Have you ever thought your love of chocolate is borderline addiction? Do you rummage through the pantry to find the last of the Easter eggs? Do you believe that you may be distantly related to Augustus Gloop. There could be a good reason for your chocolate obsession. I often consider why people crave the foods they do and look at what the body is reaching out for.

Nutritional Benefits of Cocoa: I just need to clarify that I am referring to cocoa in the raw form not your mass produced processed supermarket chocolate. Raw cocoa is a great source of magnesium it also contains potassium, zinc, iron, calcium and manganese. Cocoa is also abundant in polyphenols and flavonoids that are linked to prevention of neurodegenerative conditions and cardiovascular disease.

Stress cravings for chocolate: when we are stressed our nervous system demands more magnesium. Cocoa is a rich source of magnesium, in relation to our cravings its magnesium that the body is most likely crying out for.

Nutritionally we can support our requirements for magnesium by including a variety of nuts, seeds, wholegrains, legumes, dark leafy vegetables, magnesium baths and raw cocoa. In times of emotional and physical stress, magnesium supplementation is highly beneficial in supporting the nervous system.

Why chocolate makes us feel good: In sweet chocolate it is most likely sensory stimulation that makes people feel good. That chocolate, taste smell and texture in the mouth. Research revealed that regions of the brain are activated more strongly in chocolate cravers than in non-cravers. The Polyphenols present in cocoa may have anti-depressant effects. Unfortunately, the high sugar content in commercial chocolate reverses any benefit by causing a dive in our blood sugars shortly after eating.

Why women hormonally crave chocolate: This sometimes obsessive craving by many women is most likely due cocoas ability to influence the brains stimulation of neurotransmitters such as serotonin. This explains why women will crave chocolate before their menstrual cycle. The brain is trying to correct an imbalance and chocolates promotes the pleasure receptors in the brain. A woman’s requirement for magnesium is higher just before and during her cycle. Further promoting the need for chocolate. This association with chocolate easing PMS may become problematic as the quality and quantity of chocolate may eliminate any therapeutic benefit. It also becomes sometimes an excuse to overindulge.

Low blood sugar: one of the most common reasons why people crave chocolate is to give them a boost. Commonly people will crave chocolate mid-afternoon. This is most likely due lunch lacking in ingredients that support blood sugar levels. The best lunch will always include a small amount of protein and essential fatty acids to provide stable blood sugars throughout the afternoon. Compare the difference in afternoon sugar cravings when you have a salmon or chicken bowl compared to instant noodles. Supporting our blood sugar metabolism is vital in controlling our sugar consumption and preventing diabetes.

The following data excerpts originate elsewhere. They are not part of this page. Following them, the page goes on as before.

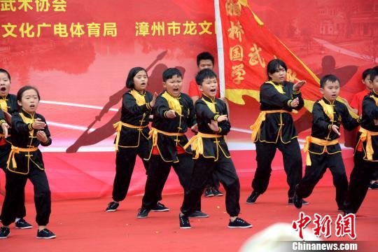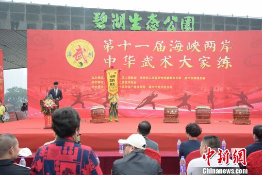 第十一届海峡两岸中华武术大家练活动18日在漳州龙文区开幕。 龚雯 摄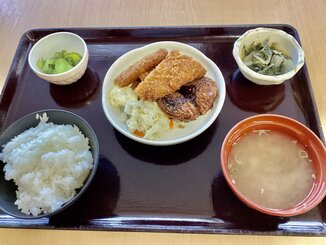 今回のメニューではフライ盛り合わせ、うまい菜のさっと煮、漬物、豚汁となっております。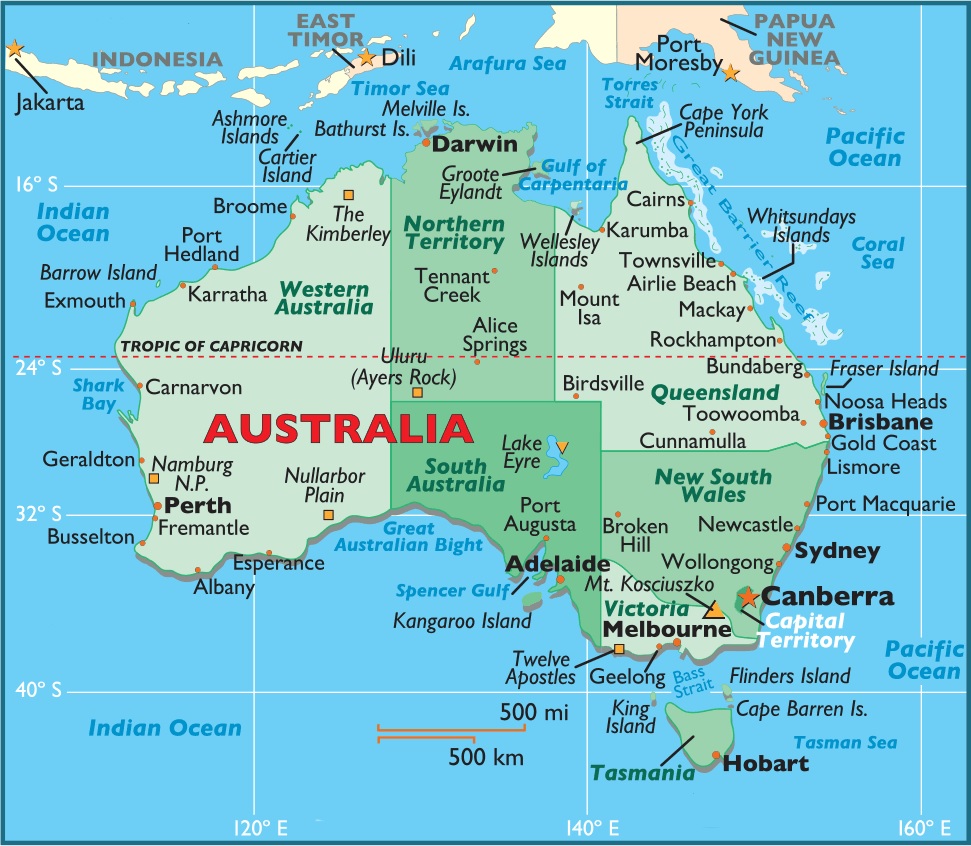 During the 19th century, separate and somewhat independent colonies were formed from parts of New South Wales, which loosely occupied the eastern half of the country; they included Queensland, Tasmania, South Australia and Victoria.

Another reason why chocolate, particularly dark chocolate is a go to fix for energy is that it is high in caffeine. For every 100 grams of chocolate there is 43 grams of caffeine. Alternatively raw cocoa is considerably lower in caffeine so it may not aggravate symptoms of anxiety and insomnia like regular chocolate. Raw cocoa can still give us the alertness due to its ability to increase circulation to the brain without the overstimulation of caffeine.

Anaemia: if you are anaemic or have low ferratin levels you may find yourself knocking off quite a bit dark chocolate. This is due to dark chocolates source of iron. Cocoa contains 11.9mg of iron per metric cup. This could be problematic for individuals with Hemochromatosis (condition of elevated ferratin).

So what is my daily ration of chocolate then: I recommend 25grams a serve, no more than one serve a day. I prefer paleo chocolate as it is free of processed sugar and emulsifiers that aggravate the gut and spike insulin levels. If purchasing mass produced chocolate preferences should lean towards 70% minimum cocoa solids.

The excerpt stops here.